That metaphor doesn't work for me. Another metaphor is
church as family; that one is easier to embrace--especially
in this congregation.
But beyond church being family, I love the idea of church as
a college for ministers.
Besides college, where can you go and have permission to try
so many things on for size? Isn't that a key part of the
overall college experience?
In college, we take classes not simply because we must but
because we can. We take risks. We develop relationships with
people we would never otherwise meet and with whom we may
never agree. In college, we find and follow our own north
star, even if we meander and lose our way a few times.

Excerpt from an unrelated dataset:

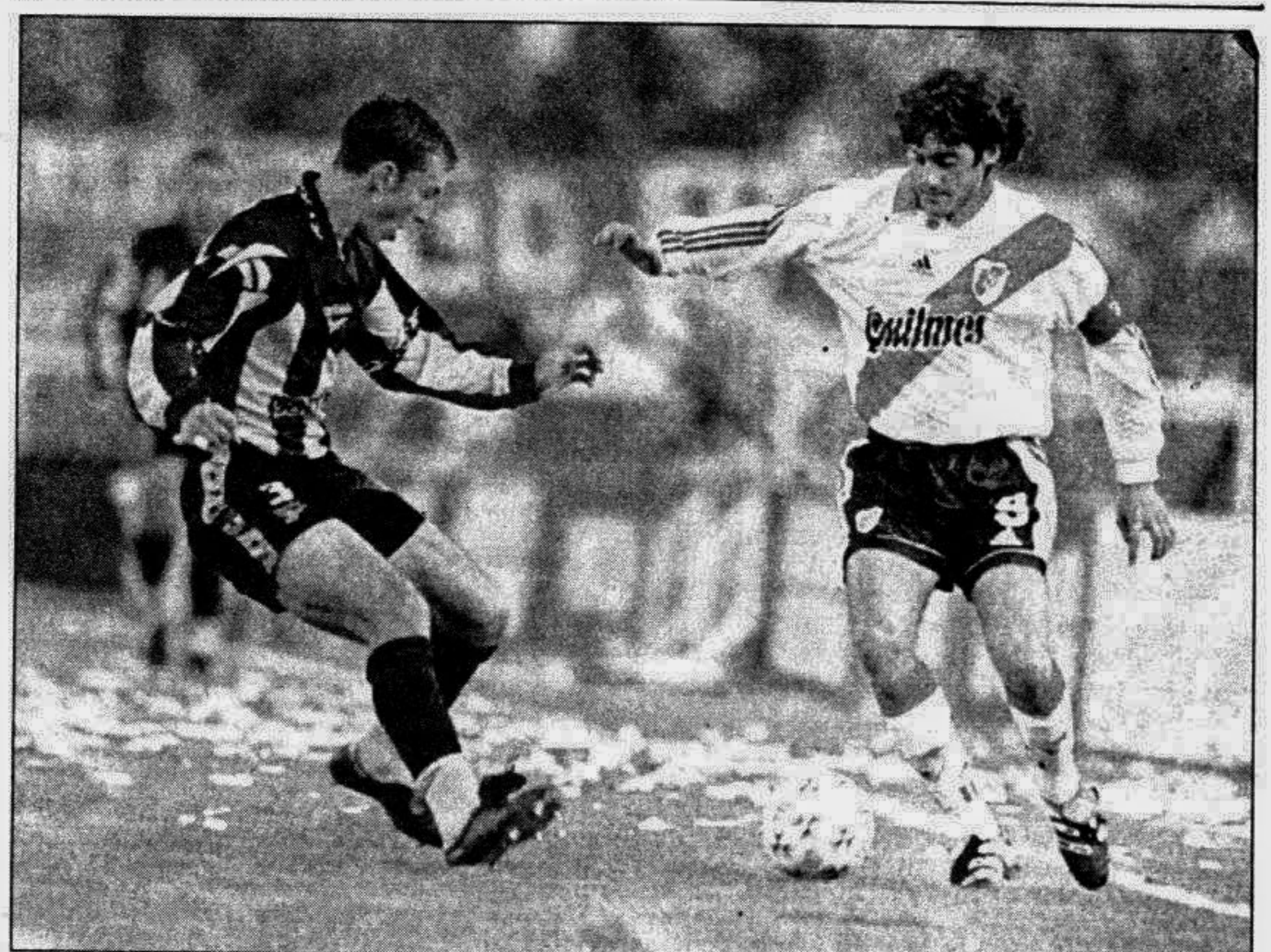
THE GREAT URUGUAYAN'S LAST: Uruguayan football legend Enzo Francescoli (R) of River Plate displaying his customary skills during his last appearance as a professional player in a match against Penarol at Buenos Aires on August 1.

Sampras stretched his lead over Agassi in their head-to-head series to 15-10. The long-time rivals, who first played each other as juniors, engaged in some good-natured needling after the match. Sampras pointing out that he leads Agassi 3-1 in grand slam finals, and Agassi indicating he was saving himself for a US Open showdown.

And
all the while, we are learning--about the world, about
others, about ourselves, about what is possible when we open
our minds, our hearts, and our lives.
When I say that for me church is like college, what I mean
is that I think this is the perfect place to enter into a
process of discovery about who we are and the ministry or
ministries to which the Spirit has called us.
Ministries blessed and authorized from the very beginning,
well before we discovered or developed them.
Like college, church can be the place to shine at something
we're already good at. (Like the landscaper at one church
who gladly oversaw the care of the church grounds.)
It's also a safe, supportive environment for taking on
something we may have never tried before. (Like my
parishioner with no experience in stewardship who discovered
a passion for helping folks think faithfully about their
giving to the church.).
And like college, church is an ideal setting for changing
"majors." (Like the long-time Sunday school teacher who
decided he wanted to try his hand at organizing a food
pantry).
If we want it to be, the church can be our campus. With one
wonderful exception--here we don't need to worry about our
grade.
You'll get no grade here. But you will get grace. Grace that
does the unthinkable: through your baptism, it insists that
even before you have taken that first step toward ministry,
already you are God's beloved, God's child, one who is
inherently pleasing to God.
When did your ministry begin? It began when God's Spirit
touched you and commissioned you to do what Jesus did: step
into the world to discover and grow into a ministry like
none other.
When did your ministry begin? The day something inside dared
trust that God can, will, and wants to work through you just
as surely as God worked through Jesus.
Let us pray:
Loving God, we can scarcely believe the scope of your grace
that reaches out to us at baptism and every day of our
lives. We praise you for your generosity and your open,
loving arms. We thank you for blessing and authorizing our
ministries--and before we've even begun.
Help us feel anew the freedom your grace imparts. Freedom to
discover our gifts. Freedom to try things out. Freedom to
find joy, satisfaction, and meaning in our ministries,
regardless of outcome.
Thank you for our vocation as ministers and for giving us
this place and this community in which to encounter,
explore, and experiment with our Spirit-blessed ministries.
Keep revealing to us who and how we are called to serve.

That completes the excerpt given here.